Task details:
Look in the data below for the line that has "Сам номер небольшой, кровать", then print exactly every line from there through the line that has "Da ich nicht", leaving pictures out.

Records supplied:
Content starts
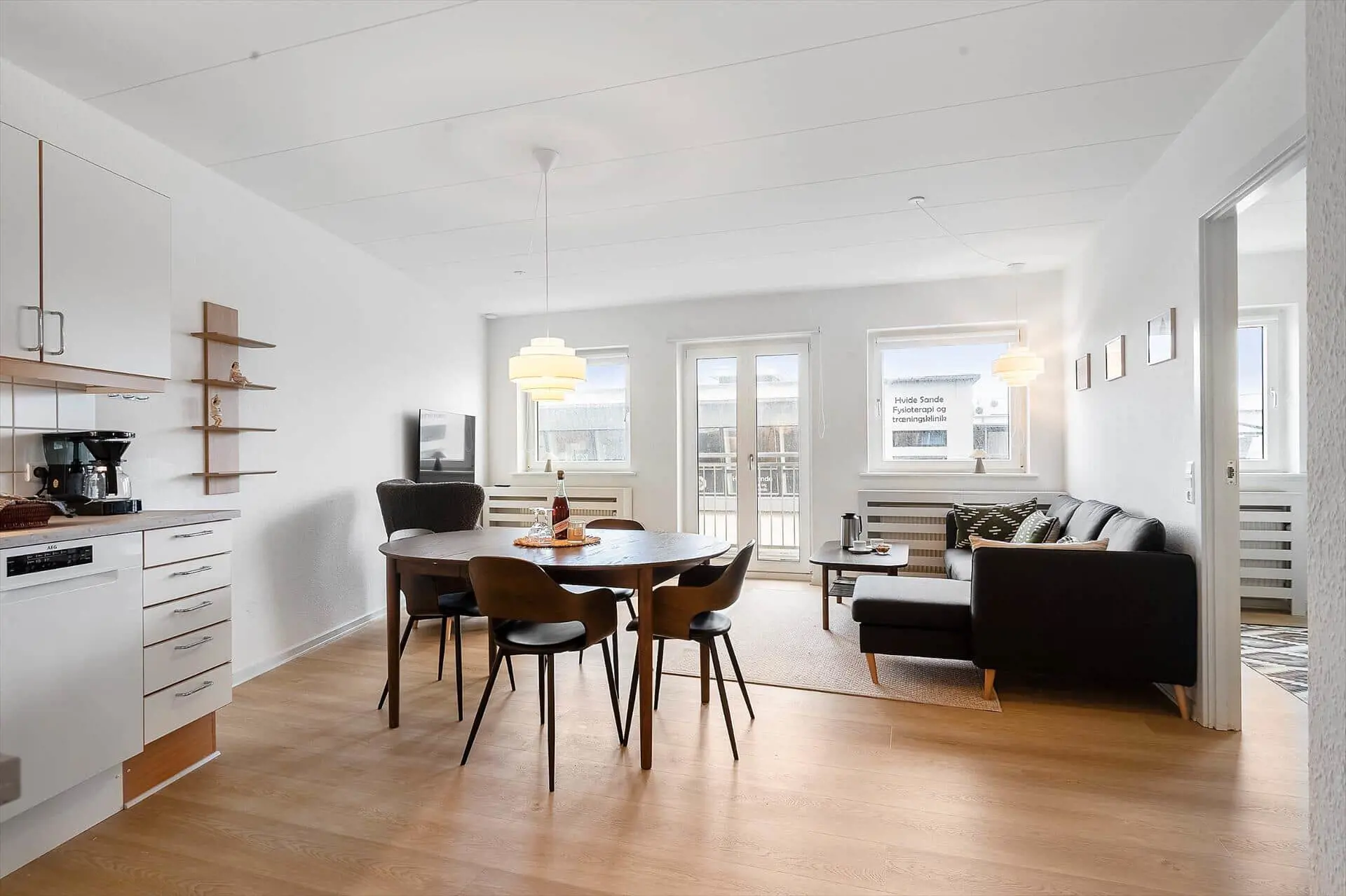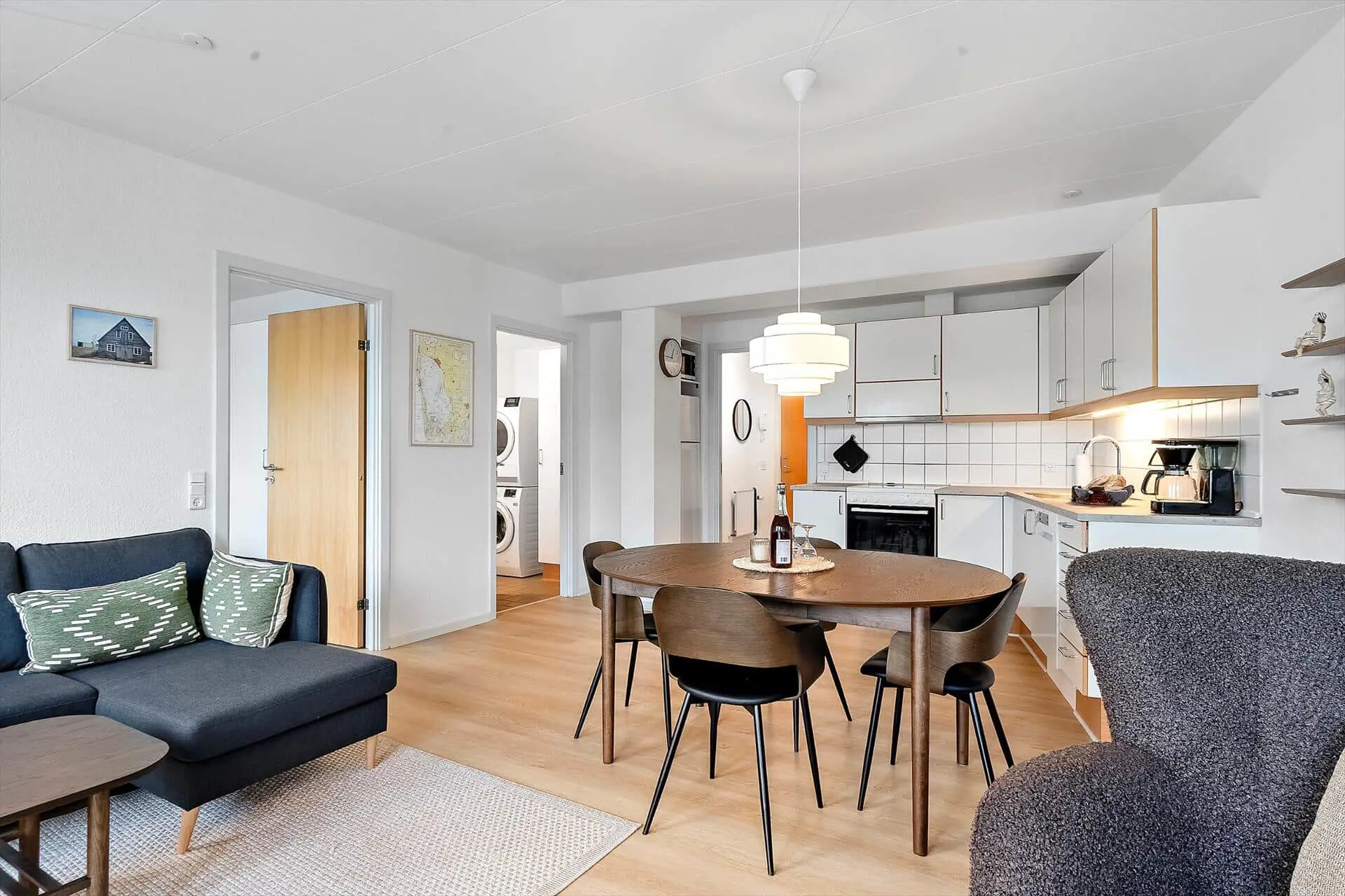 Die Wohnung befindet sich im ersten Stock eines Hauses mit Aufzug – ein komfortables Detail, das die Anreise mit Gepäck oder Einkäufen erleichtert. Innen empfängt euch eine helle und freundliche Einrichtung. Das Wohnzimmer bildet das Herzstück der Wohnung und lädt dazu ein, es sich auf dem Sofa bei einem Film oder geselligem Beisammensein gemütlich zu machen, während der Esstisch Platz für gemeinsame Mahlzeiten bietet. Die funktionale Küche ermöglicht es euch, frische Gerichte aus dem Fang des Tages oder regionalen Zutaten zuzubereiten. Das großzügige Schlafzimmer sorgt für erholsame Nächte, und im Wohnzimmer können zwei Personen auf dem Schlafsofa übernachten – ideal, wenn ihr zu mehreren reist. Das Badezimmer ist praktisch mit Dusche ausgestattet, und auch eine Waschmaschine steht euch hier zur Verfügung. Von der Wohnung aus könnt ihr über den Hafen blicken und das charmante Treiben am Kai beobachten – eine ganz besondere Stimmung, die man nur in Hvide Sande findet.
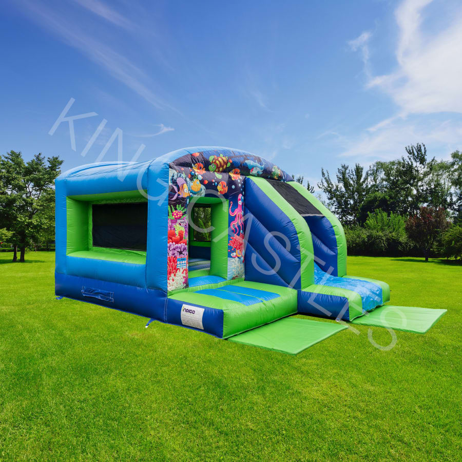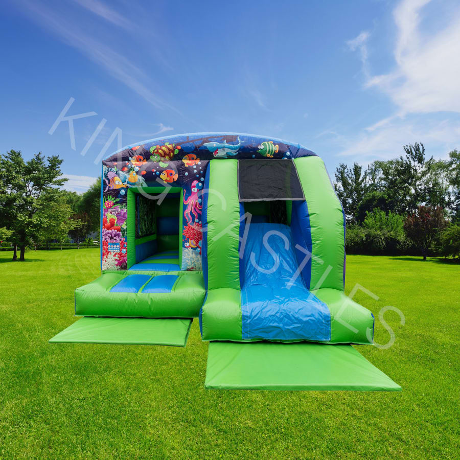The Under The Sea Bouncy Castle & Slide is 18ft(L) X 12ft(W). If you have any Ariel or Nemo fans in your house, this is the perfect bouncy castle for their upcoming celebration. Bounce the day away under the waves surrounded by colourful fish, turtles and other fun sea creatures. Perfect for birthday parties, communions and all get togethers, this castle will make little boys and girls excited to explore the world under the sea.
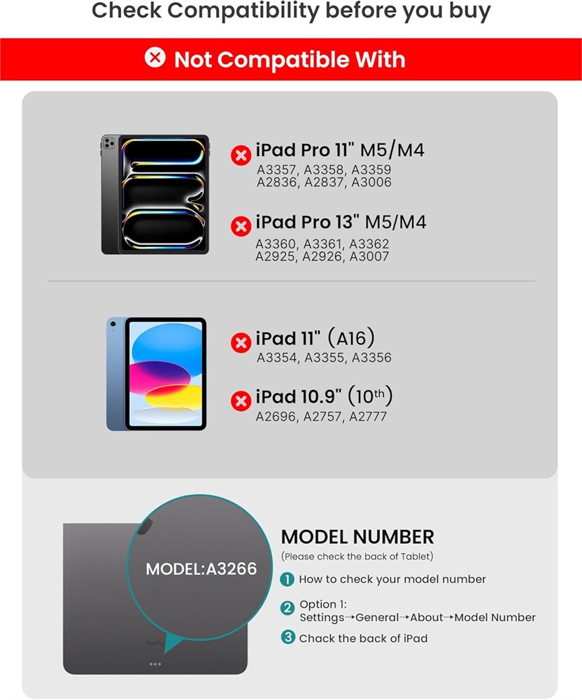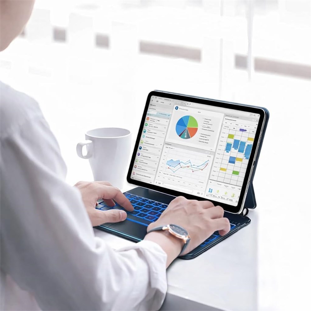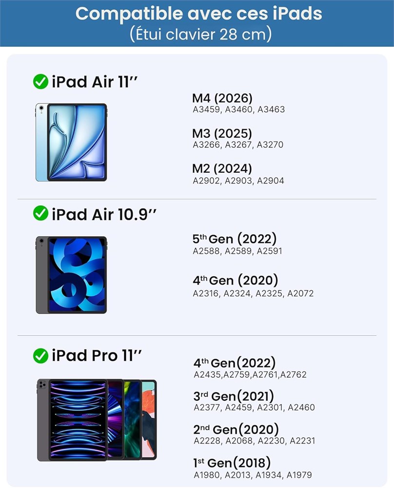 Compatible uniquement avec iPad Air 11" (M4/M3/M2, 2026/2025/2024) et iPad Pro 11" 4e/3e/2e/1 re g n ration (2018-2022), iPad Air 5 et 4. Mod les A3 inclus 459, AA. 3460, A3463, A3266, A3267, A3270, A2902, A2903, A2904, A2759, A2435, A2761, A2762, A2377, A2301, A2459, A2460, A2228 A2068, A2230, A223, A1980, A2013, A1934, A1979, A2588, A2589, A2591, A2072, A2316, A2324, A2325. De l'aube au cr puscule, adaptez sans effort Le r glage de 11 r tro clairage et 3 niveaux de luminosit garantit des visuels clairs dans chaque param tre, am liorant votre exp rience immersive. Am liorez votre exp rience iPad avec notre clavier pr cis et polyvalent. Naviguez sans effort au travail et au jeu avec un pav tactile complet. Une fermeture magn tique fiable assure la s curit et la s curit de votre iPad, tout en fournissant un endroit s r pour votre crayon. Transformez votre iPad en un ordinateur portable l gant en quelques secondes. Parfait pour les moments en d placement et lib rer la cr ativit selon vos conditions.
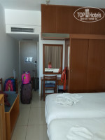 Сам номер небольшой, кровать двухспальная (из двух кроватей) и доп.кровать для ребенка. Есть набор для приготовления кофе и чая. Пополняемый. Есть холодильник, но он тоже выключается стоит выйти из номера. Поэтому он постоянно подтекал. Странно почему не сделать так, чтобы холодильник работал постоянно. Сейф платный. Wi fi за 7 дней 24 евро на 2 устройства. Либо 10 евро за день. Работает вполне сносно и в номере и на территории отеля.
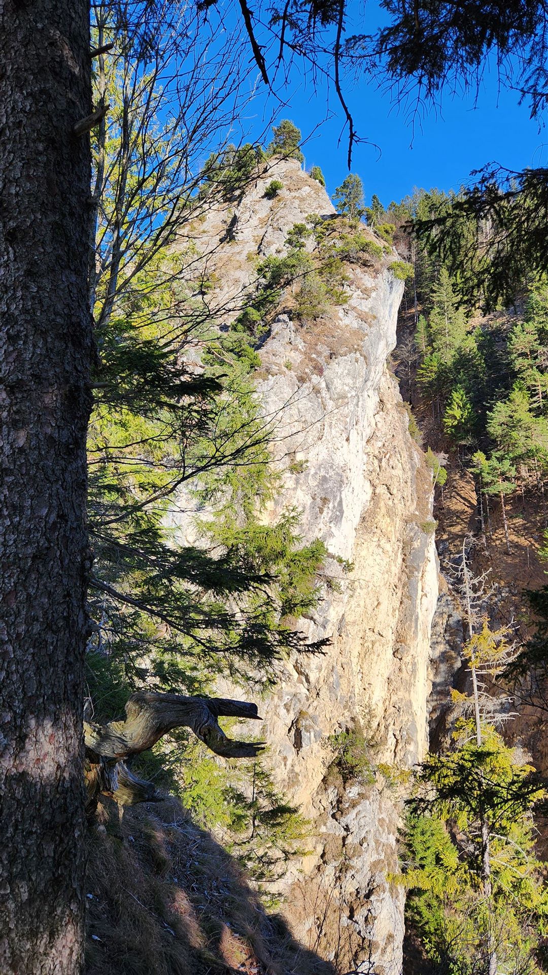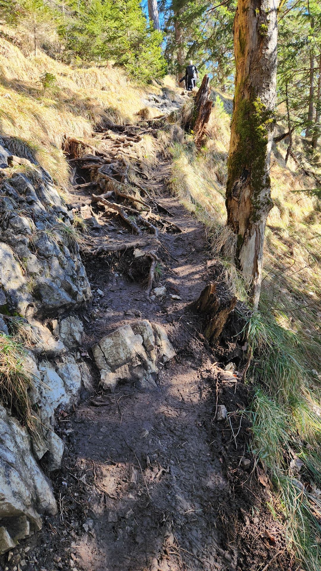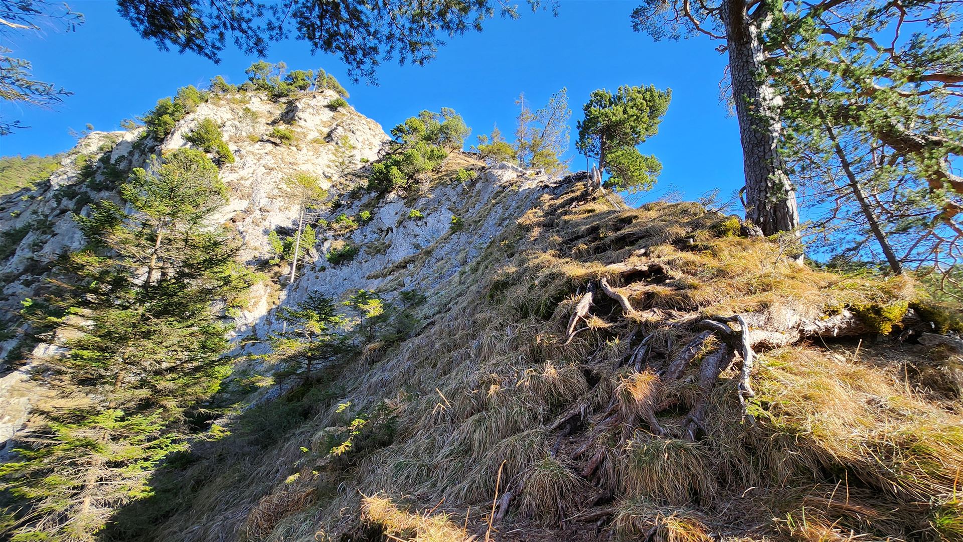 Da ich nicht gerne den gleichen Weg zurückgehe, habe ich auf dem Rückweg den Steig zum Heldenkreuz gewählt. Dieser ist nicht ausgeschildert – aus guten Gründen. In Komoot ist der Steig jedoch eingezeichnet. Bereits nach wenigen Minuten führt der Steig über einen Grat und dann folgte eine ausgesetzte Stelle, die keine Fehler erlaubt hätte. Links ging es senkrecht hinunter in den Klammgraben. Vor allem bergab sah die Stelle sehr problematisch aus – keine Sicherungen. Ein Stolperer oder Ausrutscher und das wärs dann gewesen. Aus diesem Grund bin ich umgekehrt und wieder zum Normalabstieg zurückgekehrt.
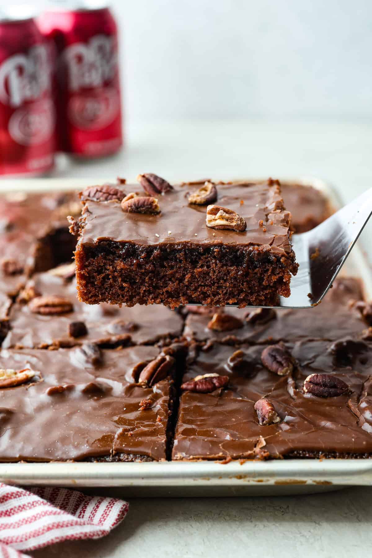 Texas sheet cake is traditionally baked in a half sheet pan, yielding thinner slices. If you want thicker slices, you can bake Dr. Pepper Sheet cake in a 9 x 13-inch pan. You will need to increase your baking time to 30 minutes or until a toothpick comes out clean.
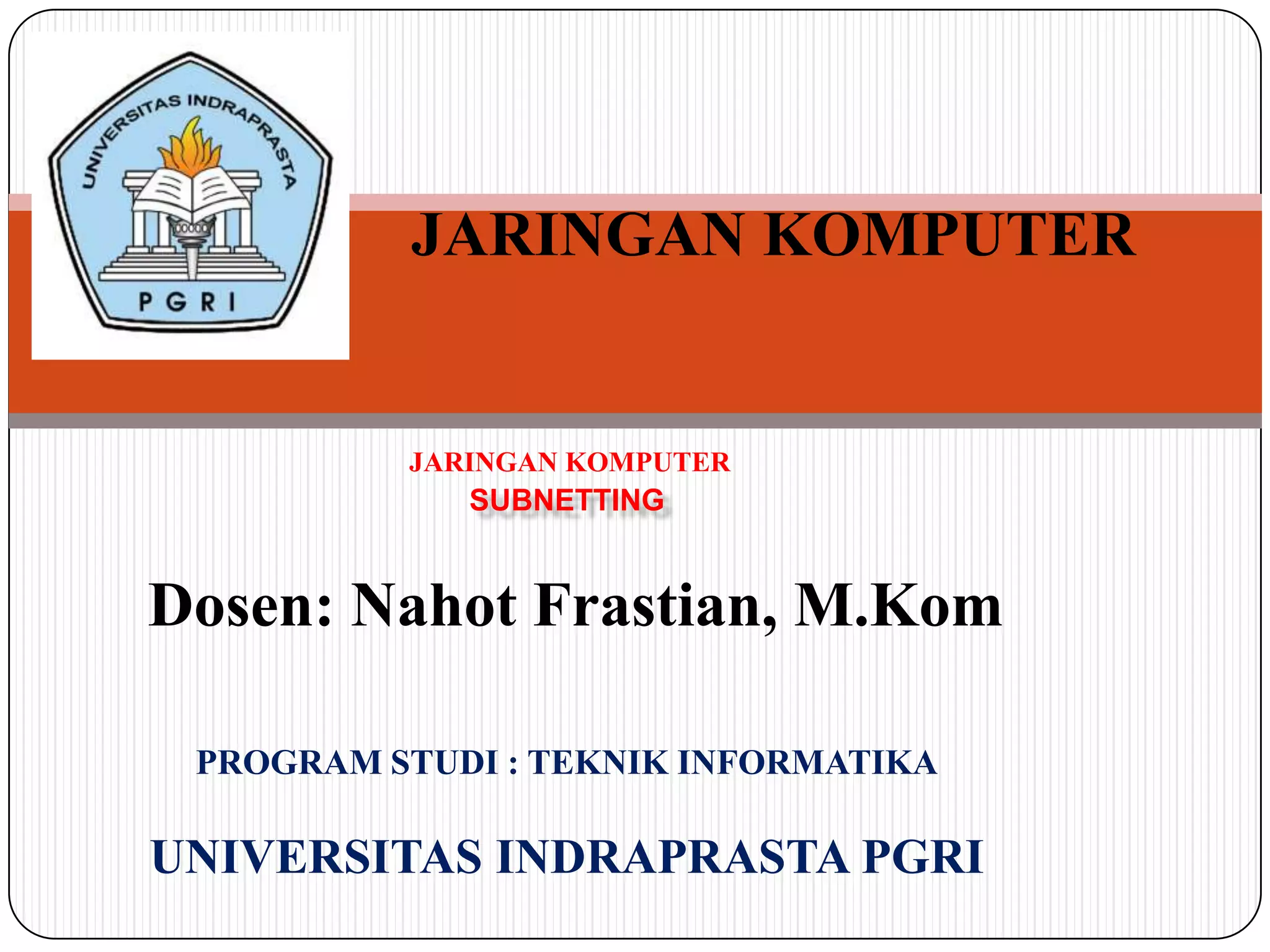 Dokumen ini menjelaskan tentang subnetting dalam jaringan komputer, termasuk pengelompokan jaringan besar menjadi jaringan kecil untuk meningkatkan performa dan keamanan. Proses subnetting melibatkan penghitungan bit untuk jumlah jaringan dan host yang diinginkan serta konversi ke format biner. Contoh penerapan subnetting juga diberikan, termasuk alokasi IP address melalui teknik yang dijelaskan.
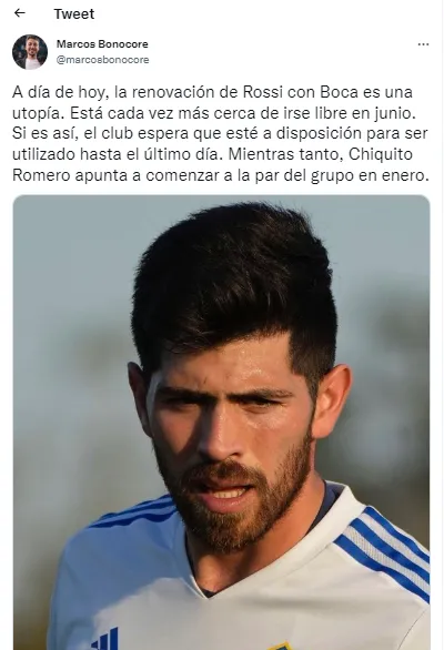 Así lo confirmó el periodista Marcos Bonocore. Quien en su cuenta de Twitter informó: “A día de hoy, la renovación de Rossi con Boca es una utopía. Está cada vez más cerca de irse libre en junio”.
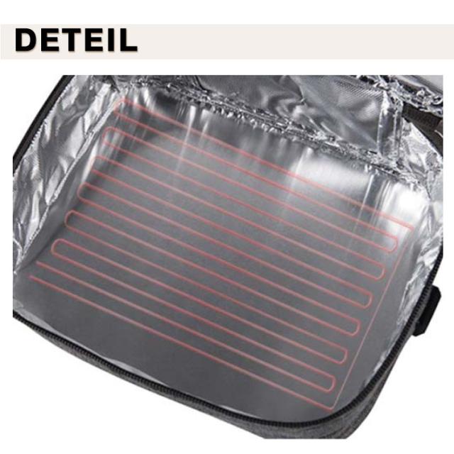 | 暖かい食べ物をいつでもどこでも楽しめるランチバッグ USB式 ランチバッグ。 バッグ内にヒーターが内蔵されています。いつでもどこでも暖かくて美味しい物を食べます。 電熱保温バッグはお弁当だけではなく、缶コーヒーなどの飲み物を入れることもできます。 外側は撥水加工したオックスフォード、内側は断熱アルミシートを採用し、汚れても濡れてもサッと拭くだけでキレイになります。 保冷剤を入れて保冷バッグとしての利用も可能です。耐磨耗や耐久性や防水性に優れます。お弁当の美味しさを保ってくれます。 USB給電式なので、面倒な手間はかからず、や車載電源のUSBポートに接続して使用できます。 | |
Content ends
Written solution:
 Сам номер небольшой, кровать двухспальная (из двух кроватей) и доп.кровать для ребенка. Есть набор для приготовления кофе и чая. Пополняемый. Есть холодильник, но он тоже выключается стоит выйти из номера. Поэтому он постоянно подтекал. Странно почему не сделать так, чтобы холодильник работал постоянно. Сейф платный. Wi fi за 7 дней 24 евро на 2 устройства. Либо 10 евро за день. Работает вполне сносно и в номере и на территории отеля.
 Da ich nicht gerne den gleichen Weg zurückgehe, habe ich auf dem Rückweg den Steig zum Heldenkreuz gewählt. Dieser ist nicht ausgeschildert – aus guten Gründen. In Komoot ist der Steig jedoch eingezeichnet. Bereits nach wenigen Minuten führt der Steig über einen Grat und dann folgte eine ausgesetzte Stelle, die keine Fehler erlaubt hätte. Links ging es senkrecht hinunter in den Klammgraben. Vor allem bergab sah die Stelle sehr problematisch aus – keine Sicherungen. Ein Stolperer oder Ausrutscher und das wärs dann gewesen. Aus diesem Grund bin ich umgekehrt und wieder zum Normalabstieg zurückgekehrt.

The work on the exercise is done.